§ WORK TO COMPLETE:
Without skipping anything, write out each record below exactly.

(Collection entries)
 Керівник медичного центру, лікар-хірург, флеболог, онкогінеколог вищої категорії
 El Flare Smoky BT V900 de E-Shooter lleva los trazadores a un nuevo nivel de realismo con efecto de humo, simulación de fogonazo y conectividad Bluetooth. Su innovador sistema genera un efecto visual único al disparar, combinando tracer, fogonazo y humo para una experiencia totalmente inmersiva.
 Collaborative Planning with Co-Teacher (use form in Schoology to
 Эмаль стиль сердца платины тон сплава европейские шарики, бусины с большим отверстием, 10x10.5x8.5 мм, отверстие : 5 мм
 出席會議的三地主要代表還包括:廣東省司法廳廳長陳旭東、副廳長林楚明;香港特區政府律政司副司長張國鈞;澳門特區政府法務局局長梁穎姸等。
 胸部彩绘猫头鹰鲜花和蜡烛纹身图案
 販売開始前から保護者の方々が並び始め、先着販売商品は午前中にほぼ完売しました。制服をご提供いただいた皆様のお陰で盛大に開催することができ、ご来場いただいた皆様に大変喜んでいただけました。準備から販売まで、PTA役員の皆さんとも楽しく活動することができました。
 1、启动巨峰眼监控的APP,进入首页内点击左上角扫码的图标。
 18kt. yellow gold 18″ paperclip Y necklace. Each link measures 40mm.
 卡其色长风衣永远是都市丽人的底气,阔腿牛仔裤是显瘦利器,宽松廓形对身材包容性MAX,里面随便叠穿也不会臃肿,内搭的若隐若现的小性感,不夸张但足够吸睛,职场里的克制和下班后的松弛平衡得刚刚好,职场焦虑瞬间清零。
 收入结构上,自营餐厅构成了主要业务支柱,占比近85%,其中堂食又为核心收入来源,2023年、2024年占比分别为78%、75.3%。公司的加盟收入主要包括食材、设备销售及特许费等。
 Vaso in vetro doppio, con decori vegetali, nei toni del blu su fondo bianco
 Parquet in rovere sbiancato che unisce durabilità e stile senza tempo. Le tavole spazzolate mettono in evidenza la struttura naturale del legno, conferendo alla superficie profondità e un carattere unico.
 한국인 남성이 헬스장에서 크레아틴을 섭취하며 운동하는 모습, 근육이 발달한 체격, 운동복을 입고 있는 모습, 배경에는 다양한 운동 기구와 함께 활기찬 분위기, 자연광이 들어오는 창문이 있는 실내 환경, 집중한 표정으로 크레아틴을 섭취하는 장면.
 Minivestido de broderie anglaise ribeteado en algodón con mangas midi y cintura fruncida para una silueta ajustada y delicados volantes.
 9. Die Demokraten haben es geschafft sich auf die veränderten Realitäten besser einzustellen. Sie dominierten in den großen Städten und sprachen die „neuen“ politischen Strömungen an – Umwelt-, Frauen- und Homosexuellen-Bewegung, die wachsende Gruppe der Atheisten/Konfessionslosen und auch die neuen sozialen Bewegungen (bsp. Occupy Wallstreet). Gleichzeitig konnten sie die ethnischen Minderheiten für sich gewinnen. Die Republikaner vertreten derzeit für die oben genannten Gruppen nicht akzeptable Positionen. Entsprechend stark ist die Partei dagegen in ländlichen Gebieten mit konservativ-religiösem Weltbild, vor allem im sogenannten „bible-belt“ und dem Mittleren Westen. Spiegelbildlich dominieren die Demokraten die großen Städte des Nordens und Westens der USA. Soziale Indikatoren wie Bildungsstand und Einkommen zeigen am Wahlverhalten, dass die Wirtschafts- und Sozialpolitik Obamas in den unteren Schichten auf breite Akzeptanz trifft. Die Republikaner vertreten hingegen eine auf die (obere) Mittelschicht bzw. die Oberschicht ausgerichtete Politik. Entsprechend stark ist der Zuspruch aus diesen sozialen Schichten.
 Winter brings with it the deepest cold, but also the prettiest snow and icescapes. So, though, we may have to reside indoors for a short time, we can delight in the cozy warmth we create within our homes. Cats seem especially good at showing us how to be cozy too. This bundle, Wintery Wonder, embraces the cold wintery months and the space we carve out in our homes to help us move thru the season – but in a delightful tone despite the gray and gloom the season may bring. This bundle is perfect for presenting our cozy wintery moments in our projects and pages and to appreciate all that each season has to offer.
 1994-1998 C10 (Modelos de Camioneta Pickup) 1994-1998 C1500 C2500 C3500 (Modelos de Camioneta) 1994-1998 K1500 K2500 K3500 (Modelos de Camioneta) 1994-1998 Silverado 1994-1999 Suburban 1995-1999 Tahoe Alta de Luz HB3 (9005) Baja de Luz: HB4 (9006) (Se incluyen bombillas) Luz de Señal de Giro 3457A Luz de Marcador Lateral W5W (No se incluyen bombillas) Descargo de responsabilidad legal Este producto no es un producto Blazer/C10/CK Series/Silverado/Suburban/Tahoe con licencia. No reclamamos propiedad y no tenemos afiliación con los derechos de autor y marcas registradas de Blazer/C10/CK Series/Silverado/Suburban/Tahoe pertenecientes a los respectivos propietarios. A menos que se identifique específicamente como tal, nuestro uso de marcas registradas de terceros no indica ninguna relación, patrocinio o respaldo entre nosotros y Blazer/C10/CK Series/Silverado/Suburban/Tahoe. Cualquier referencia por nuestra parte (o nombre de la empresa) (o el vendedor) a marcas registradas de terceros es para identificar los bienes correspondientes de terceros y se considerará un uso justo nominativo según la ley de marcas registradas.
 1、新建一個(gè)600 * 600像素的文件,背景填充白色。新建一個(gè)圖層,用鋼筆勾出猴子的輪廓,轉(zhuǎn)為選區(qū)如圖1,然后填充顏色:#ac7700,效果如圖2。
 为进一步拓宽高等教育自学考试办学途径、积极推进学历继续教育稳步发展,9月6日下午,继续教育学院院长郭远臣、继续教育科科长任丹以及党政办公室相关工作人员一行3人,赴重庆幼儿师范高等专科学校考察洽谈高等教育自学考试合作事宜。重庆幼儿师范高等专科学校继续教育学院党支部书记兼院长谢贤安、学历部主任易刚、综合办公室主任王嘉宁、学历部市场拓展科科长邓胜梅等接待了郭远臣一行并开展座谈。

§ FINISHED TASK:
 Керівник медичного центру, лікар-хірург, флеболог, онкогінеколог вищої категорії
 El Flare Smoky BT V900 de E-Shooter lleva los trazadores a un nuevo nivel de realismo con efecto de humo, simulación de fogonazo y conectividad Bluetooth. Su innovador sistema genera un efecto visual único al disparar, combinando tracer, fogonazo y humo para una experiencia totalmente inmersiva.
 Collaborative Planning with Co-Teacher (use form in Schoology to
 Эмаль стиль сердца платины тон сплава европейские шарики, бусины с большим отверстием, 10x10.5x8.5 мм, отверстие : 5 мм
 出席會議的三地主要代表還包括:廣東省司法廳廳長陳旭東、副廳長林楚明;香港特區政府律政司副司長張國鈞;澳門特區政府法務局局長梁穎姸等。
 胸部彩绘猫头鹰鲜花和蜡烛纹身图案
 販売開始前から保護者の方々が並び始め、先着販売商品は午前中にほぼ完売しました。制服をご提供いただいた皆様のお陰で盛大に開催することができ、ご来場いただいた皆様に大変喜んでいただけました。準備から販売まで、PTA役員の皆さんとも楽しく活動することができました。
 1、启动巨峰眼监控的APP,进入首页内点击左上角扫码的图标。
 18kt. yellow gold 18″ paperclip Y necklace. Each link measures 40mm.
 卡其色长风衣永远是都市丽人的底气,阔腿牛仔裤是显瘦利器,宽松廓形对身材包容性MAX,里面随便叠穿也不会臃肿,内搭的若隐若现的小性感,不夸张但足够吸睛,职场里的克制和下班后的松弛平衡得刚刚好,职场焦虑瞬间清零。
 收入结构上,自营餐厅构成了主要业务支柱,占比近85%,其中堂食又为核心收入来源,2023年、2024年占比分别为78%、75.3%。公司的加盟收入主要包括食材、设备销售及特许费等。
 Vaso in vetro doppio, con decori vegetali, nei toni del blu su fondo bianco
 Parquet in rovere sbiancato che unisce durabilità e stile senza tempo. Le tavole spazzolate mettono in evidenza la struttura naturale del legno, conferendo alla superficie profondità e un carattere unico.
 한국인 남성이 헬스장에서 크레아틴을 섭취하며 운동하는 모습, 근육이 발달한 체격, 운동복을 입고 있는 모습, 배경에는 다양한 운동 기구와 함께 활기찬 분위기, 자연광이 들어오는 창문이 있는 실내 환경, 집중한 표정으로 크레아틴을 섭취하는 장면.
 Minivestido de broderie anglaise ribeteado en algodón con mangas midi y cintura fruncida para una silueta ajustada y delicados volantes.
 9. Die Demokraten haben es geschafft sich auf die veränderten Realitäten besser einzustellen. Sie dominierten in den großen Städten und sprachen die „neuen“ politischen Strömungen an – Umwelt-, Frauen- und Homosexuellen-Bewegung, die wachsende Gruppe der Atheisten/Konfessionslosen und auch die neuen sozialen Bewegungen (bsp. Occupy Wallstreet). Gleichzeitig konnten sie die ethnischen Minderheiten für sich gewinnen. Die Republikaner vertreten derzeit für die oben genannten Gruppen nicht akzeptable Positionen. Entsprechend stark ist die Partei dagegen in ländlichen Gebieten mit konservativ-religiösem Weltbild, vor allem im sogenannten „bible-belt“ und dem Mittleren Westen. Spiegelbildlich dominieren die Demokraten die großen Städte des Nordens und Westens der USA. Soziale Indikatoren wie Bildungsstand und Einkommen zeigen am Wahlverhalten, dass die Wirtschafts- und Sozialpolitik Obamas in den unteren Schichten auf breite Akzeptanz trifft. Die Republikaner vertreten hingegen eine auf die (obere) Mittelschicht bzw. die Oberschicht ausgerichtete Politik. Entsprechend stark ist der Zuspruch aus diesen sozialen Schichten.
 Winter brings with it the deepest cold, but also the prettiest snow and icescapes. So, though, we may have to reside indoors for a short time, we can delight in the cozy warmth we create within our homes. Cats seem especially good at showing us how to be cozy too. This bundle, Wintery Wonder, embraces the cold wintery months and the space we carve out in our homes to help us move thru the season – but in a delightful tone despite the gray and gloom the season may bring. This bundle is perfect for presenting our cozy wintery moments in our projects and pages and to appreciate all that each season has to offer.
 1994-1998 C10 (Modelos de Camioneta Pickup) 1994-1998 C1500 C2500 C3500 (Modelos de Camioneta) 1994-1998 K1500 K2500 K3500 (Modelos de Camioneta) 1994-1998 Silverado 1994-1999 Suburban 1995-1999 Tahoe Alta de Luz HB3 (9005) Baja de Luz: HB4 (9006) (Se incluyen bombillas) Luz de Señal de Giro 3457A Luz de Marcador Lateral W5W (No se incluyen bombillas) Descargo de responsabilidad legal Este producto no es un producto Blazer/C10/CK Series/Silverado/Suburban/Tahoe con licencia. No reclamamos propiedad y no tenemos afiliación con los derechos de autor y marcas registradas de Blazer/C10/CK Series/Silverado/Suburban/Tahoe pertenecientes a los respectivos propietarios. A menos que se identifique específicamente como tal, nuestro uso de marcas registradas de terceros no indica ninguna relación, patrocinio o respaldo entre nosotros y Blazer/C10/CK Series/Silverado/Suburban/Tahoe. Cualquier referencia por nuestra parte (o nombre de la empresa) (o el vendedor) a marcas registradas de terceros es para identificar los bienes correspondientes de terceros y se considerará un uso justo nominativo según la ley de marcas registradas.
 1、新建一個(gè)600 * 600像素的文件,背景填充白色。新建一個(gè)圖層,用鋼筆勾出猴子的輪廓,轉(zhuǎn)為選區(qū)如圖1,然后填充顏色:#ac7700,效果如圖2。
 为进一步拓宽高等教育自学考试办学途径、积极推进学历继续教育稳步发展,9月6日下午,继续教育学院院长郭远臣、继续教育科科长任丹以及党政办公室相关工作人员一行3人,赴重庆幼儿师范高等专科学校考察洽谈高等教育自学考试合作事宜。重庆幼儿师范高等专科学校继续教育学院党支部书记兼院长谢贤安、学历部主任易刚、综合办公室主任王嘉宁、学历部市场拓展科科长邓胜梅等接待了郭远臣一行并开展座谈。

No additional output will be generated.